> [What the task requires] Below are records with pictures in them. Output exactly the lines from the one with "(¬٢) تصحف في" through the one with "Mari you just", both included, and leave every picture out; give only those lines.

> [Data]
• • • • •

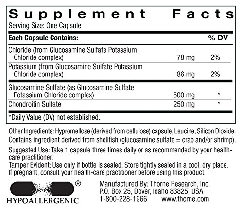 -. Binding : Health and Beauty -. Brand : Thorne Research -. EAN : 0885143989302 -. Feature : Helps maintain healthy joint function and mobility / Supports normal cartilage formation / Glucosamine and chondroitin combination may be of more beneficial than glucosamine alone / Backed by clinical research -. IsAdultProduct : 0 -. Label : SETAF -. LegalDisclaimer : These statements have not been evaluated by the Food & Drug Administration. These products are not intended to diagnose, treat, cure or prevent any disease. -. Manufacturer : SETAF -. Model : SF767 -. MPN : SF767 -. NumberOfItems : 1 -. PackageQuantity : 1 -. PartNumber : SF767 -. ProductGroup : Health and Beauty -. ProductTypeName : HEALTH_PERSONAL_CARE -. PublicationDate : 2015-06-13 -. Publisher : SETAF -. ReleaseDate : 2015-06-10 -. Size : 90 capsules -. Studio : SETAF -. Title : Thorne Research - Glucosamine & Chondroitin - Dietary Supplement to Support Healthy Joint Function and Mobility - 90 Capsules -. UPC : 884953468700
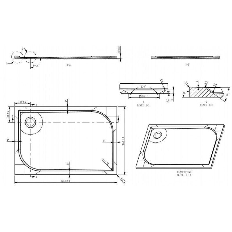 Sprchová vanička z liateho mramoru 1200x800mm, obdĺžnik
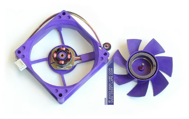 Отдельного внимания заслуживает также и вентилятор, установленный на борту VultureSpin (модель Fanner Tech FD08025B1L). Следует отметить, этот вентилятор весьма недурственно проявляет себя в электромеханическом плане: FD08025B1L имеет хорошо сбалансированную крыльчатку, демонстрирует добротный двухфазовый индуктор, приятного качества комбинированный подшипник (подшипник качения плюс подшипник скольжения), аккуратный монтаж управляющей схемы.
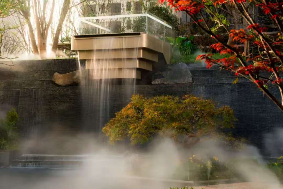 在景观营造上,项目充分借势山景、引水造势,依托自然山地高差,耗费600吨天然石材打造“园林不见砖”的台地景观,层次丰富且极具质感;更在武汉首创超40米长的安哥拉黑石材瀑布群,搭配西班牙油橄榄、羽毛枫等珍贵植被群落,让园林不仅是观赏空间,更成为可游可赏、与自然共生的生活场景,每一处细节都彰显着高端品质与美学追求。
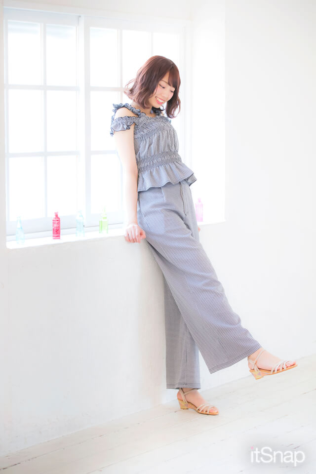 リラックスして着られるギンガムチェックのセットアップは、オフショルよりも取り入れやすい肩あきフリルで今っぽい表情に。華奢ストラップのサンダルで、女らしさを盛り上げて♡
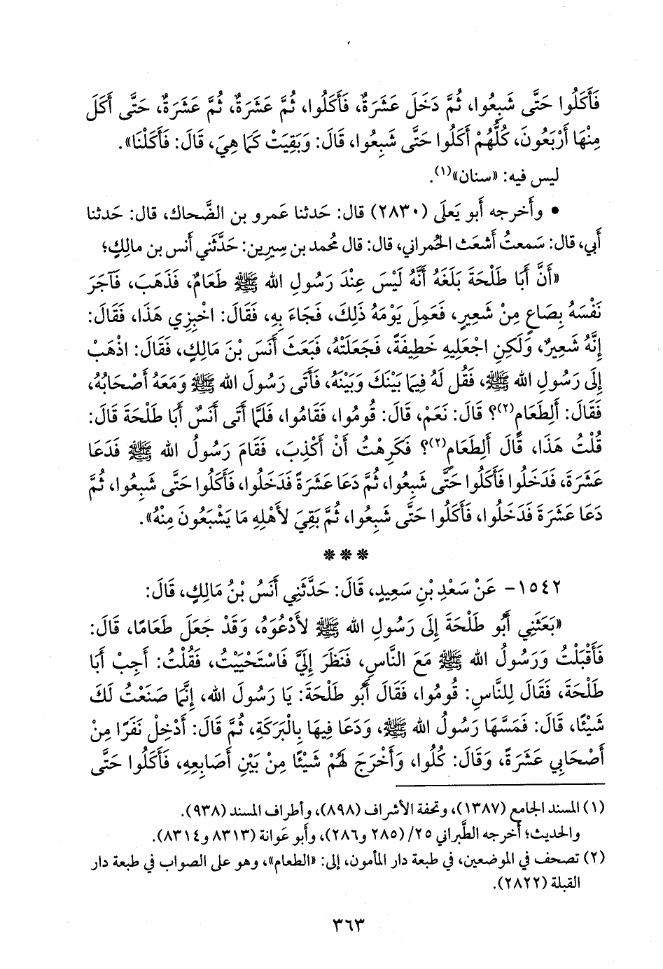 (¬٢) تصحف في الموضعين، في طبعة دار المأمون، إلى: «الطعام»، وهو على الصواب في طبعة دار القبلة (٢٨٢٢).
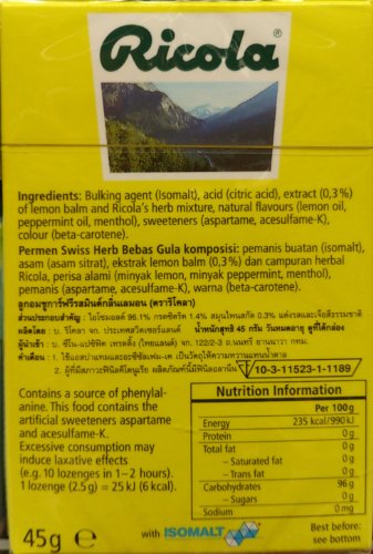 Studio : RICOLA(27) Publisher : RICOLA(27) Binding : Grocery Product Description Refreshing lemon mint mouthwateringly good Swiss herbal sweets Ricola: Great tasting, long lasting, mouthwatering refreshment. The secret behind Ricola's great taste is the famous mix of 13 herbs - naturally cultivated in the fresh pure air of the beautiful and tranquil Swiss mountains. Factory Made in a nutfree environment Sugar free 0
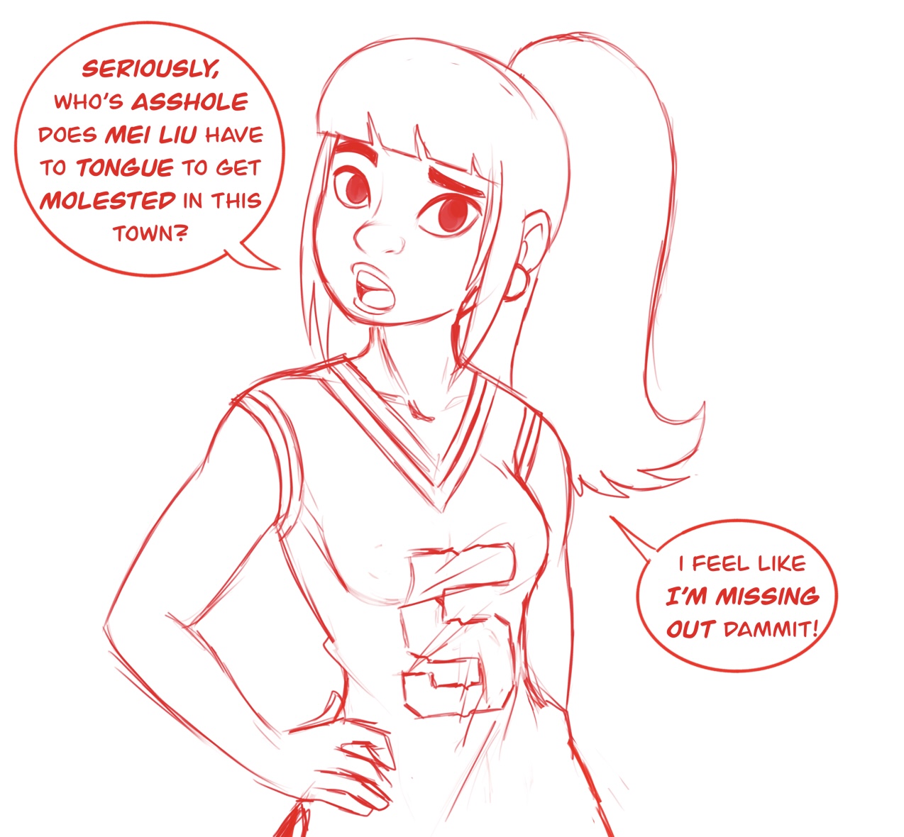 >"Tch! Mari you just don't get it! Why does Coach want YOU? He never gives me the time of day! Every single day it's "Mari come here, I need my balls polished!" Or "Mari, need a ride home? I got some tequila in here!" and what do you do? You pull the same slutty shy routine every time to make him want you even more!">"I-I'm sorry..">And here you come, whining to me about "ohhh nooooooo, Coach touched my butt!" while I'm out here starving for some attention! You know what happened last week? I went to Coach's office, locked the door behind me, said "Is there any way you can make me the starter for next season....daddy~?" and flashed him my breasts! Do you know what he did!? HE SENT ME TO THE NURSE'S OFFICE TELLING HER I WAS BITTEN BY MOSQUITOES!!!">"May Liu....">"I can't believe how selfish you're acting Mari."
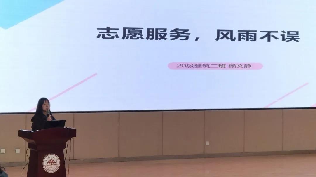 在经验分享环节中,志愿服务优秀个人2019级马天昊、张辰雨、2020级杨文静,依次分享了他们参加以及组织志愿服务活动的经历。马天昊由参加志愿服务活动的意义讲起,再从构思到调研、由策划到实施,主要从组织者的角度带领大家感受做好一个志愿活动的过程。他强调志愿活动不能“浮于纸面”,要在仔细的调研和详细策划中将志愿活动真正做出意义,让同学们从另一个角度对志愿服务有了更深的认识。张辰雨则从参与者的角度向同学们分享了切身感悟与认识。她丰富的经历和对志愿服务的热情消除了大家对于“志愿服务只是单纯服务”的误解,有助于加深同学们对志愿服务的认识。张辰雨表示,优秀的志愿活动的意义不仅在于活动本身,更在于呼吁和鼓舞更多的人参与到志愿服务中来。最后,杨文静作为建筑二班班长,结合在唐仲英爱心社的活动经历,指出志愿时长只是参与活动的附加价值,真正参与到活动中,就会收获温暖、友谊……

• • • • •

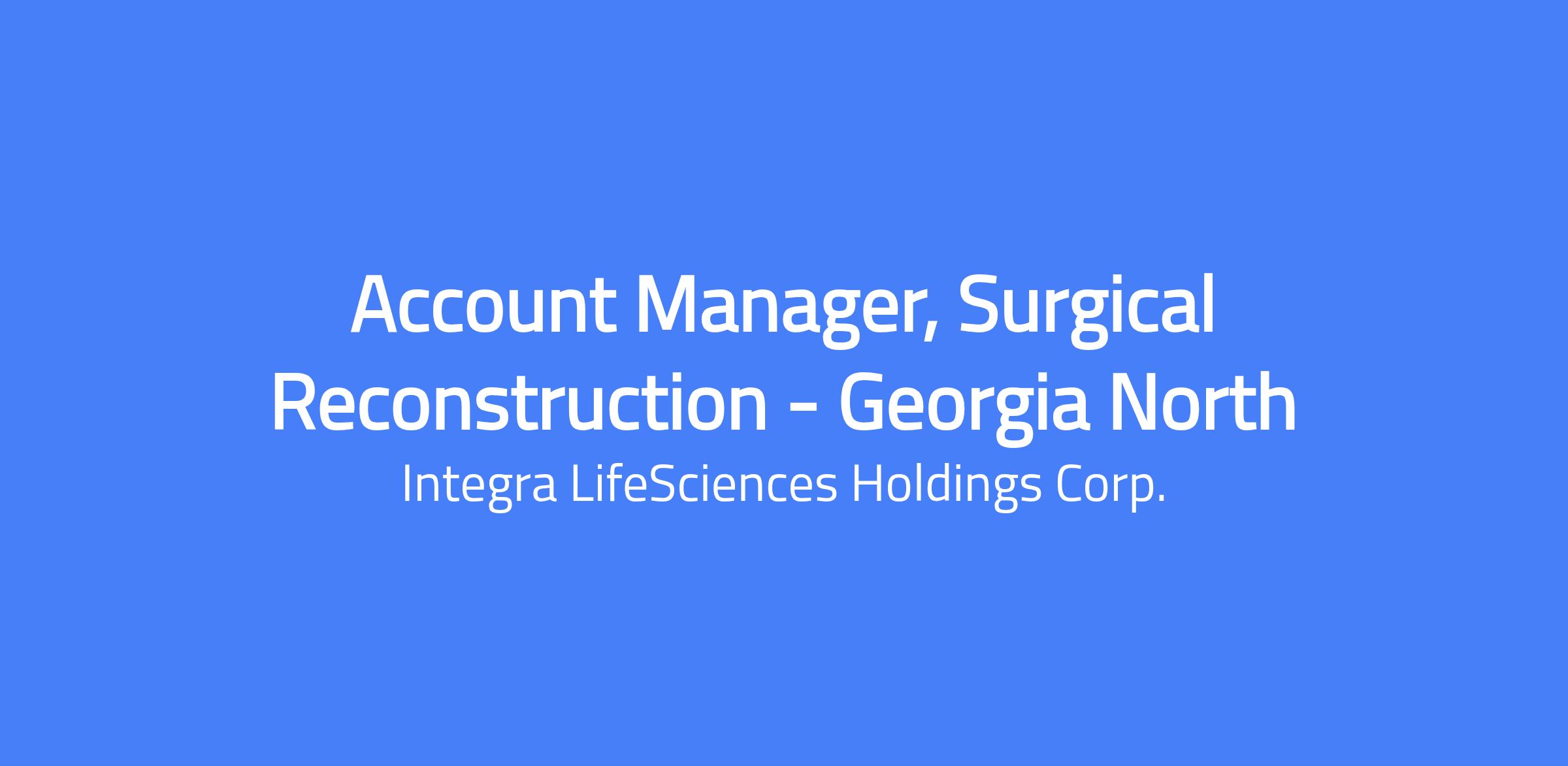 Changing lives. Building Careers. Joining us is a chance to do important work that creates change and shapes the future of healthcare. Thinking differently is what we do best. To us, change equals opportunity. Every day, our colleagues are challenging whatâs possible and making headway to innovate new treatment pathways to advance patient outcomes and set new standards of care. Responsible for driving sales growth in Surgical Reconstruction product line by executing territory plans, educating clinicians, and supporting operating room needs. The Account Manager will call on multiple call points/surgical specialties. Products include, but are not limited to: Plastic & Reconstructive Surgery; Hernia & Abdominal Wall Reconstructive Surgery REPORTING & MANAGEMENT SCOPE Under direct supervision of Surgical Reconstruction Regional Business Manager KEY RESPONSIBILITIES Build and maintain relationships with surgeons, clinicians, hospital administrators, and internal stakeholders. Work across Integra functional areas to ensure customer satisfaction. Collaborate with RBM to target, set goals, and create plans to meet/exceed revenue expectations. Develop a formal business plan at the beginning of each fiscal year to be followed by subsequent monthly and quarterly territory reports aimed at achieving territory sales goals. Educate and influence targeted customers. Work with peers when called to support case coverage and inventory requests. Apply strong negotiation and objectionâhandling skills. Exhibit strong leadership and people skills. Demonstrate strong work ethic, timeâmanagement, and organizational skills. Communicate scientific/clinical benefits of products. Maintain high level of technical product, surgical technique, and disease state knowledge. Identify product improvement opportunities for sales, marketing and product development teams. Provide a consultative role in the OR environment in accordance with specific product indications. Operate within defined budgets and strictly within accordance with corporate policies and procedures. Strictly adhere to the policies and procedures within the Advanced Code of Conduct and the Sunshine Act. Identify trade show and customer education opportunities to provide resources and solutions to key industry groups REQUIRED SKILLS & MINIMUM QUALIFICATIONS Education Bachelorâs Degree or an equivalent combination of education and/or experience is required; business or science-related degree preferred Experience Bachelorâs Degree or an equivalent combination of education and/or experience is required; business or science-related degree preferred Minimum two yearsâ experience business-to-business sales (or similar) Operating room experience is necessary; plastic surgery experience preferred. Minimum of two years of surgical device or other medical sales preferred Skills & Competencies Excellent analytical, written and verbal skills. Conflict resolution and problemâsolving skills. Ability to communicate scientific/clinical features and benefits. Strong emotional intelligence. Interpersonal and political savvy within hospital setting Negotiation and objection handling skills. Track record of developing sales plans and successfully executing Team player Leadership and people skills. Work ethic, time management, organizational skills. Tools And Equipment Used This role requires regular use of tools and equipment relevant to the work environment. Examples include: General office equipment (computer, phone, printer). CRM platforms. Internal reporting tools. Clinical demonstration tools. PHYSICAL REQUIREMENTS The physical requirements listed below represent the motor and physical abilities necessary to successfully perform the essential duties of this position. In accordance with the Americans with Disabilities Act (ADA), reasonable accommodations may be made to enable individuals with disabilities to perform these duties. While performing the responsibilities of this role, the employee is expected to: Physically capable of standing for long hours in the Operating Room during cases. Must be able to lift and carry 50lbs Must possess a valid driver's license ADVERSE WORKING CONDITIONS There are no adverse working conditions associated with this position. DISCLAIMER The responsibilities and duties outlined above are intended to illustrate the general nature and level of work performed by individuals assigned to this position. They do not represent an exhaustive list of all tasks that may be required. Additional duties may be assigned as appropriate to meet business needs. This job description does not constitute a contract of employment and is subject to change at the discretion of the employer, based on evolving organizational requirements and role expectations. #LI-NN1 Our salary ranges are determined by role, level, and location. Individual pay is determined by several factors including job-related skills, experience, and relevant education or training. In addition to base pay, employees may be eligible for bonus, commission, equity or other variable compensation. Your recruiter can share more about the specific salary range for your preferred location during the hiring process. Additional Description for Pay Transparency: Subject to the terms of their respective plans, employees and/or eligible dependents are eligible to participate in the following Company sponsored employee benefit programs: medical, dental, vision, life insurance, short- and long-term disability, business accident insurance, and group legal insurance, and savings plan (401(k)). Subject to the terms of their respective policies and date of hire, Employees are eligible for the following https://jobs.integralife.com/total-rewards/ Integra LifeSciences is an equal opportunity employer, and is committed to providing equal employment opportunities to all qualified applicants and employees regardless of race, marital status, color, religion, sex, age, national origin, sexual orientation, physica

• • • • •

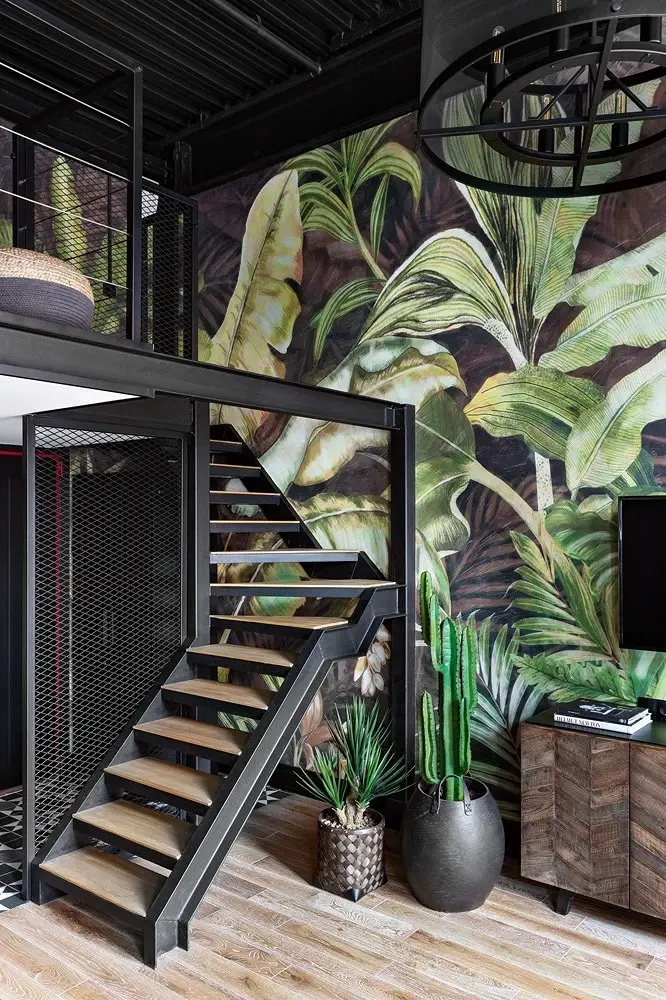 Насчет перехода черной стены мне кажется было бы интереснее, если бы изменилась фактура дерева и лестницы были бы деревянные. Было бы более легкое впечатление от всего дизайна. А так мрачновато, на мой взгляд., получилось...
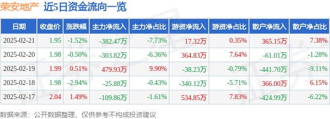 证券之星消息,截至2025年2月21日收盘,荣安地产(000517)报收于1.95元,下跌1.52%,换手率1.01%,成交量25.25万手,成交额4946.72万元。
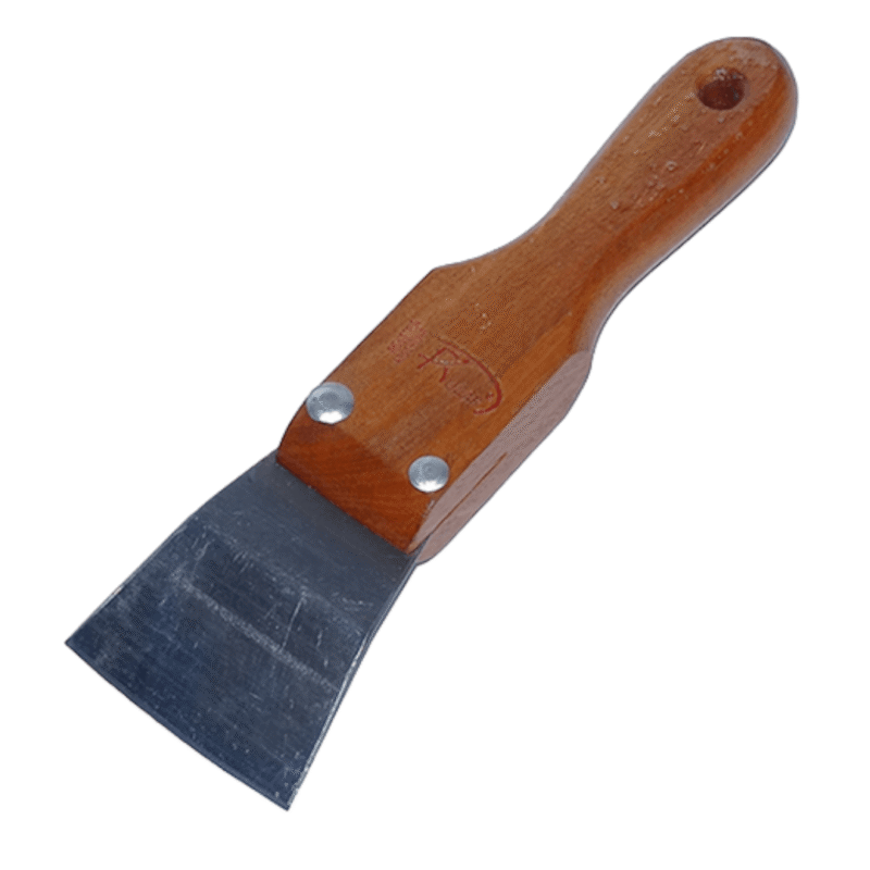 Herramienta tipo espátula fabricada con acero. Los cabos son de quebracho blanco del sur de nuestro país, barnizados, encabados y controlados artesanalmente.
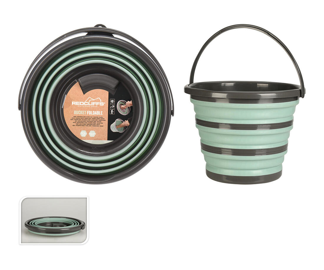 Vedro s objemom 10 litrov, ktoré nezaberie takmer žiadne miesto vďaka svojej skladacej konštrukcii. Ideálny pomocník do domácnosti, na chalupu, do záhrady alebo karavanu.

• • • • •

> [Worked solution]
 (¬٢) تصحف في الموضعين، في طبعة دار المأمون، إلى: «الطعام»، وهو على الصواب في طبعة دار القبلة (٢٨٢٢).
 Studio : RICOLA(27) Publisher : RICOLA(27) Binding : Grocery Product Description Refreshing lemon mint mouthwateringly good Swiss herbal sweets Ricola: Great tasting, long lasting, mouthwatering refreshment. The secret behind Ricola's great taste is the famous mix of 13 herbs - naturally cultivated in the fresh pure air of the beautiful and tranquil Swiss mountains. Factory Made in a nutfree environment Sugar free 0
 >"Tch! Mari you just don't get it! Why does Coach want YOU? He never gives me the time of day! Every single day it's "Mari come here, I need my balls polished!" Or "Mari, need a ride home? I got some tequila in here!" and what do you do? You pull the same slutty shy routine every time to make him want you even more!">"I-I'm sorry..">And here you come, whining to me about "ohhh nooooooo, Coach touched my butt!" while I'm out here starving for some attention! You know what happened last week? I went to Coach's office, locked the door behind me, said "Is there any way you can make me the starter for next season....daddy~?" and flashed him my breasts! Do you know what he did!? HE SENT ME TO THE NURSE'S OFFICE TELLING HER I WAS BITTEN BY MOSQUITOES!!!">"May Liu....">"I can't believe how selfish you're acting Mari."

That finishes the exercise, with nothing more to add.